* **Information given**
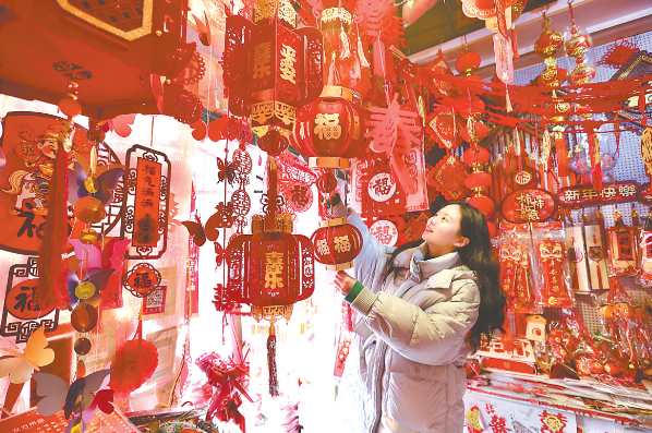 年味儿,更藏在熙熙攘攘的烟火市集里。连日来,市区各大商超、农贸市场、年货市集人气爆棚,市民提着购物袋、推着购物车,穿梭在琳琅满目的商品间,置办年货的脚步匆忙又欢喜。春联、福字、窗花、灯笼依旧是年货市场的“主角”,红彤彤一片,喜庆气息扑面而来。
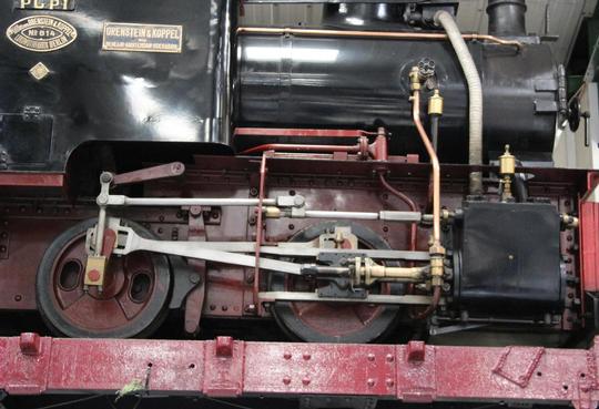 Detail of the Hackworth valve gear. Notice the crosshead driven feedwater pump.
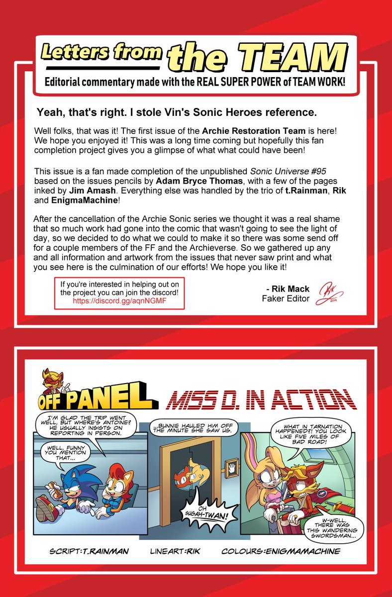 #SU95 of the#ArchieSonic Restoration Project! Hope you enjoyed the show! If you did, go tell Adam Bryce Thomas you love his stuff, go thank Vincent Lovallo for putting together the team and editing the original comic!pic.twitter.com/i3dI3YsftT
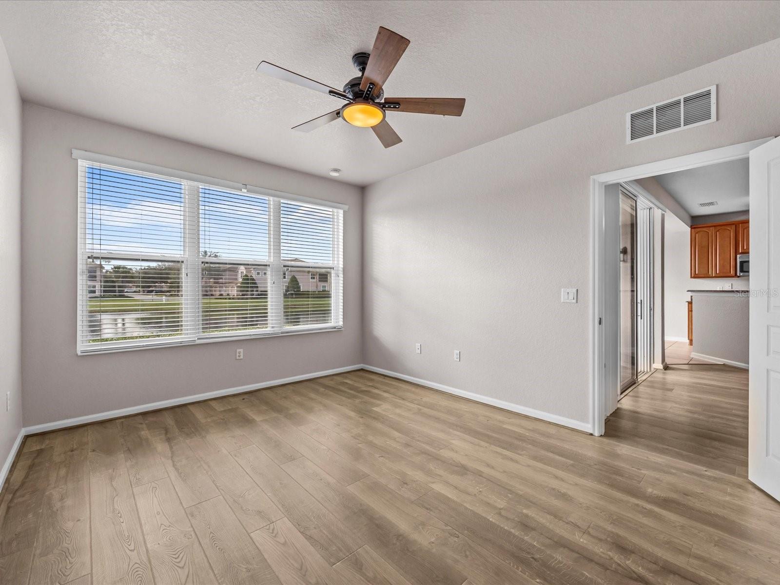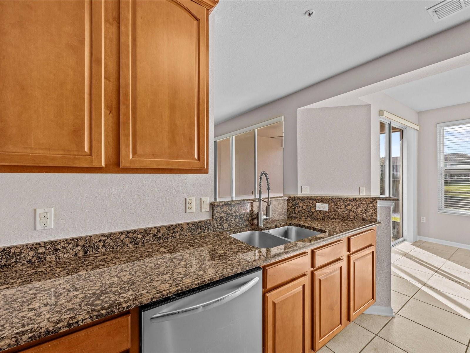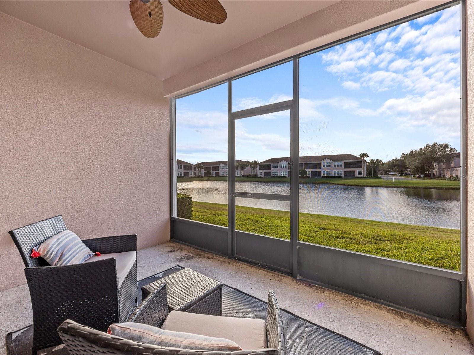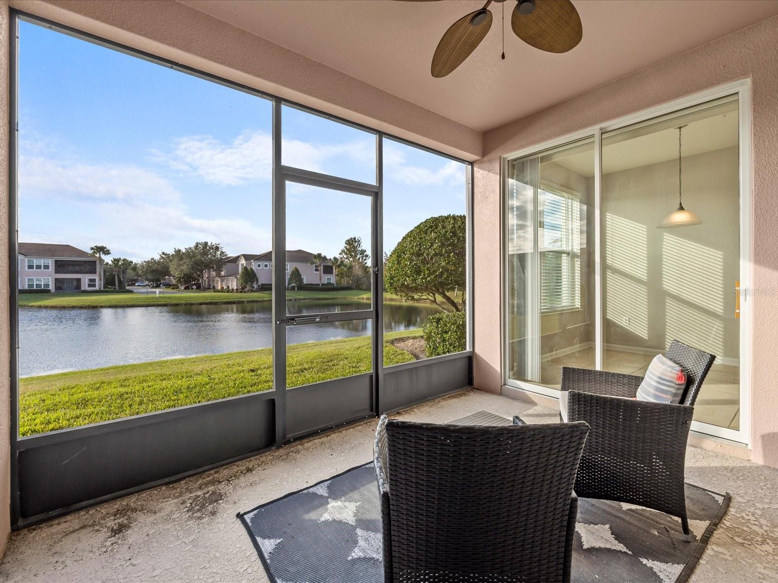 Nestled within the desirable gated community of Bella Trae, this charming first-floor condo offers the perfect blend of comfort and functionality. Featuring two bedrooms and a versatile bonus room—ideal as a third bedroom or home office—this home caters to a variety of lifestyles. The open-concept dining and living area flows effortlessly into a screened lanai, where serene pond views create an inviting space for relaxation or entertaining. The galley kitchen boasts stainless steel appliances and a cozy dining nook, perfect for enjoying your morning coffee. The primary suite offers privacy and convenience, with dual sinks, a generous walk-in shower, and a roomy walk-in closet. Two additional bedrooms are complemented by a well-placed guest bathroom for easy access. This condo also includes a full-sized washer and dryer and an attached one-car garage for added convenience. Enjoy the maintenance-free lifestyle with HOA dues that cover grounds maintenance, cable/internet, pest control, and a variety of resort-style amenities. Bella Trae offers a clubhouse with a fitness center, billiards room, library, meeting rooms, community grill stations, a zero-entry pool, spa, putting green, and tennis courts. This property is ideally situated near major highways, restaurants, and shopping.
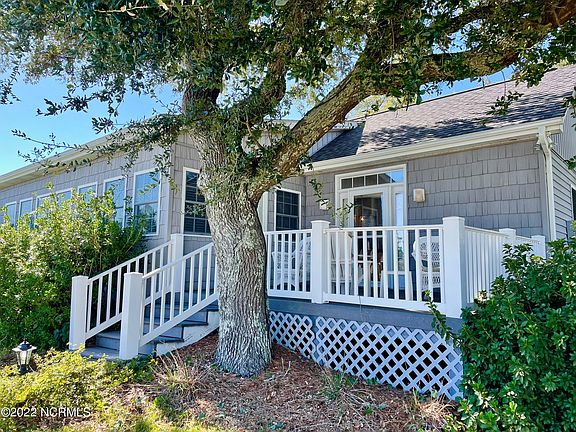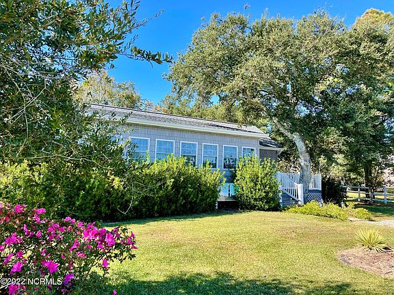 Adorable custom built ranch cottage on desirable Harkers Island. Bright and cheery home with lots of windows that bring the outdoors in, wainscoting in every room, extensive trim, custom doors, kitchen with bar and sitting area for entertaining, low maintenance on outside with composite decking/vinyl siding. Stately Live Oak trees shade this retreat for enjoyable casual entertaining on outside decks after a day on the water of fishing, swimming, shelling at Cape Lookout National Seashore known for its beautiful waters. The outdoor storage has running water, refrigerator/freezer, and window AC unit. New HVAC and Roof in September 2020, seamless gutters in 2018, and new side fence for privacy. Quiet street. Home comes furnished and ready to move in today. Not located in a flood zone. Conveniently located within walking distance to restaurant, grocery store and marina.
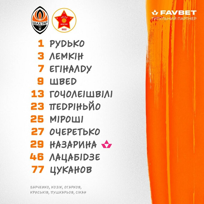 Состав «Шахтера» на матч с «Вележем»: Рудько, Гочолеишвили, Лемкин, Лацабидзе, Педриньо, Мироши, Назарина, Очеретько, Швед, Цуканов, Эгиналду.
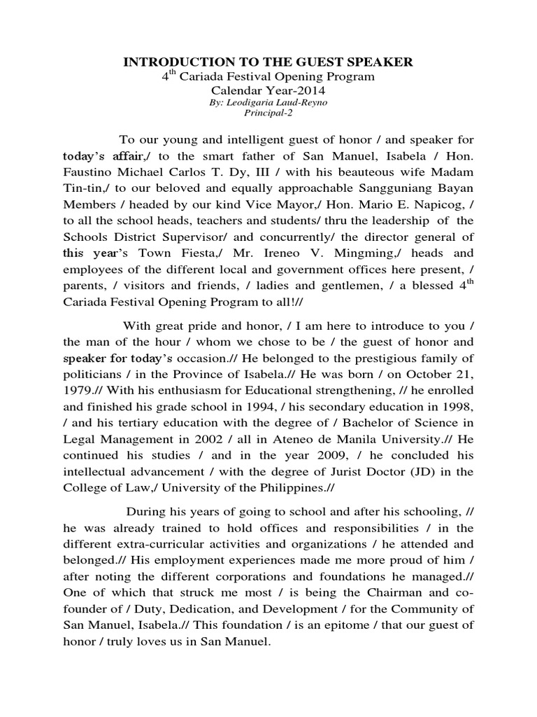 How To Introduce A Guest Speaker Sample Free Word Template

* **What you have to do**
Pictures are to be left out, and each line from the one that contains "Швед, Цуканов, Эгиналду." through the end of the listing is to be copied exactly.

* **Solved problem**
 Состав «Шахтера» на матч с «Вележем»: Рудько, Гочолеишвили, Лемкин, Лацабидзе, Педриньо, Мироши, Назарина, Очеретько, Швед, Цуканов, Эгиналду.
 How To Introduce A Guest Speaker Sample Free Word Template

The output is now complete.